Aim of the exercise: Only the lines from the one bearing "2일 오후 대전 한밭야구장에서" through the end of the listing belong in your response, restated word for word and without pictures.

──────────────────────────────

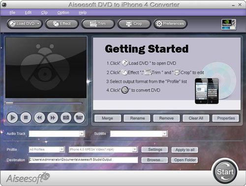 Bạn có chiếc iPhone 4 mới mua? Bạn muốn thưởng thức các bộ phim DVD yêu thích trên thiết bị này? Nếu vậy, hãy sử dụng phần mềm Aiseesoft DVD to iPhone 4 Converter. Với các chức năng chuyển đổi và chỉnh sửa mạnh mẽ, bạn có thể dễ dàng chuyển đổi đĩa DVD sang bất kì định dạng nào tương thích với iPhone 4, và thoải mái chỉnh sửa đĩa phim DVD nhằm tạo video theo nhu cầu.
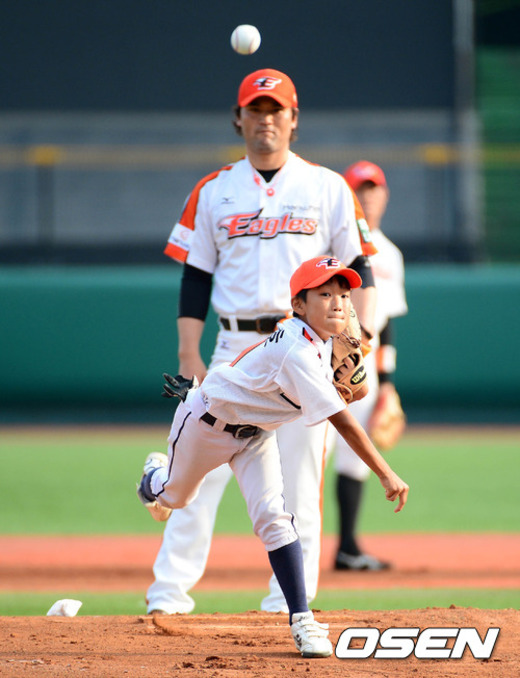 2일 오후 대전 한밭야구장에서 열린 '2012 팔도 프로야구' 한화 이글스와 KIA 타이거즈의 경기에 앞서 한화 박찬호가 조카인 공주 중동초등학교 야구부 박성호 군이 시구를 하고 있다.
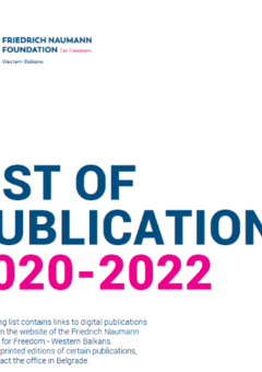 Ferienzeit ist oft auch Lesezeit. Die Friedrich-Naumann-Stiftung Westbalkan hat in den zurückliegenden Jahren eine Fülle von Publikationen herausgebracht, die die Region betreffen wie auch die Entwicklungen in einzelnen Ländern. Die beiliegende Übersicht „List of Publications 2020-2022“ bietet Ihnen nun Gelegenheit, sich über unterschiedliche Politikfelder und gesellschaftliche Herausforderungen noch einmal intensiver zu informieren.
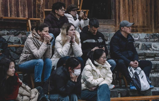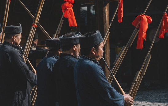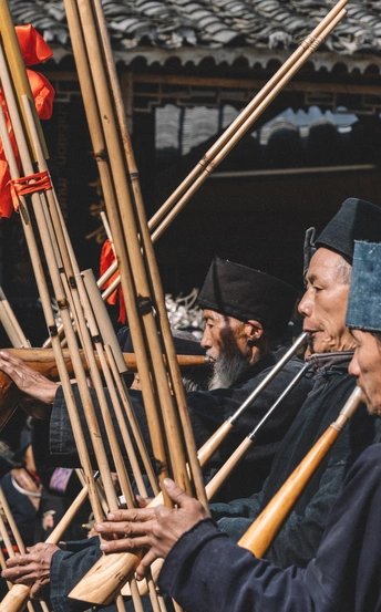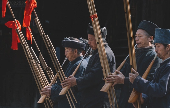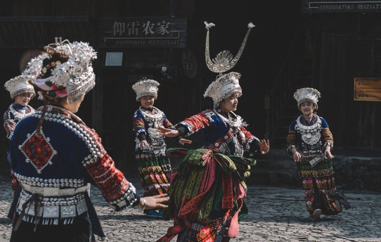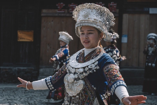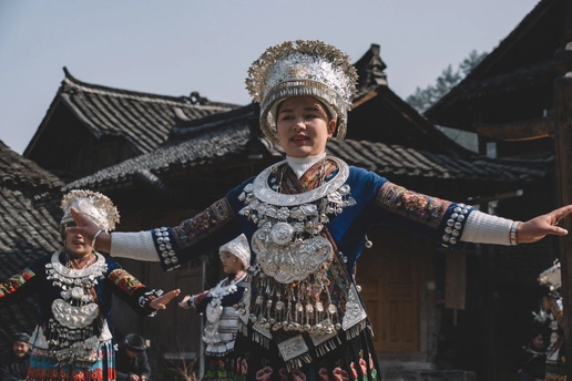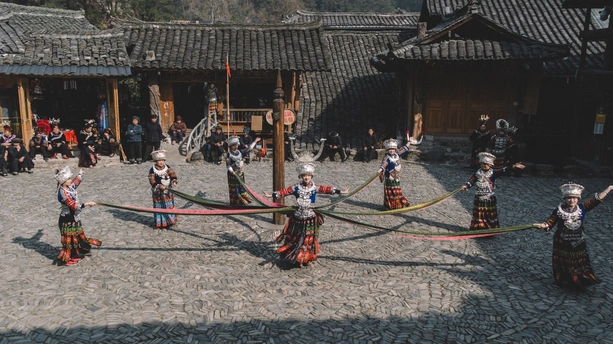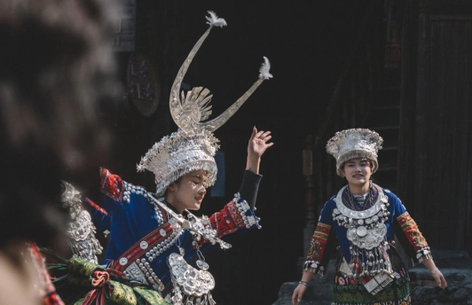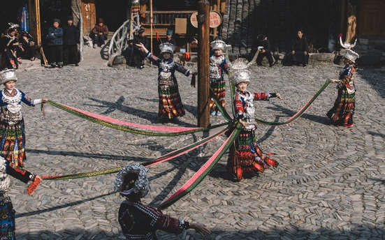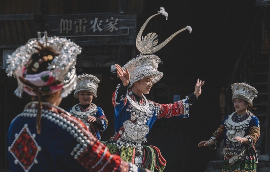 2025年1月3日,贵州省黔东南苗族侗族自治州朗德苗寨,这是黔东南地区保存完好的苗族传统村寨之一 ,村民们载歌载舞喜迎八方宾客。 朗德苗寨是国家级4A风景区,以百年历史的吊脚楼群、风雨桥等苗族特色建筑闻名,其古建筑群被列为全国重点文物保护单位。
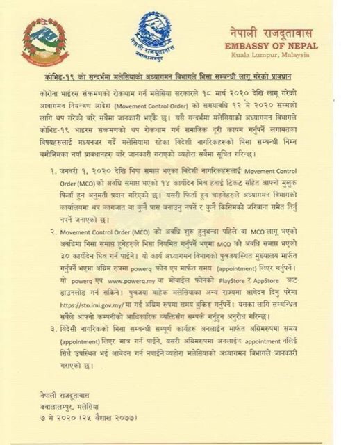 सबै विदेशी नागरिकले भिसा सम्बन्धि सबै काम अनलाइनमार्फत अगाडि नै अपोइन्टमेन्ट लिएर गर्नुपर्ने हुँदा अनलाइन अपोइन्टमेन्ट नलिइ सिधै गएमा आवेदन दिन नपाइने मलेसियाको अध्यागमन विभागले जानकारी गराएको दूतावासले जनाएकाे

──────────────────────────────

Output for this exercise:
 2일 오후 대전 한밭야구장에서 열린 '2012 팔도 프로야구' 한화 이글스와 KIA 타이거즈의 경기에 앞서 한화 박찬호가 조카인 공주 중동초등학교 야구부 박성호 군이 시구를 하고 있다.
 Ferienzeit ist oft auch Lesezeit. Die Friedrich-Naumann-Stiftung Westbalkan hat in den zurückliegenden Jahren eine Fülle von Publikationen herausgebracht, die die Region betreffen wie auch die Entwicklungen in einzelnen Ländern. Die beiliegende Übersicht „List of Publications 2020-2022“ bietet Ihnen nun Gelegenheit, sich über unterschiedliche Politikfelder und gesellschaftliche Herausforderungen noch einmal intensiver zu informieren.
 2025年1月3日,贵州省黔东南苗族侗族自治州朗德苗寨,这是黔东南地区保存完好的苗族传统村寨之一 ,村民们载歌载舞喜迎八方宾客。 朗德苗寨是国家级4A风景区,以百年历史的吊脚楼群、风雨桥等苗族特色建筑闻名,其古建筑群被列为全国重点文物保护单位。
 सबै विदेशी नागरिकले भिसा सम्बन्धि सबै काम अनलाइनमार्फत अगाडि नै अपोइन्टमेन्ट लिएर गर्नुपर्ने हुँदा अनलाइन अपोइन्टमेन्ट नलिइ सिधै गएमा आवेदन दिन नपाइने मलेसियाको अध्यागमन विभागले जानकारी गराएको दूतावासले जनाएकाे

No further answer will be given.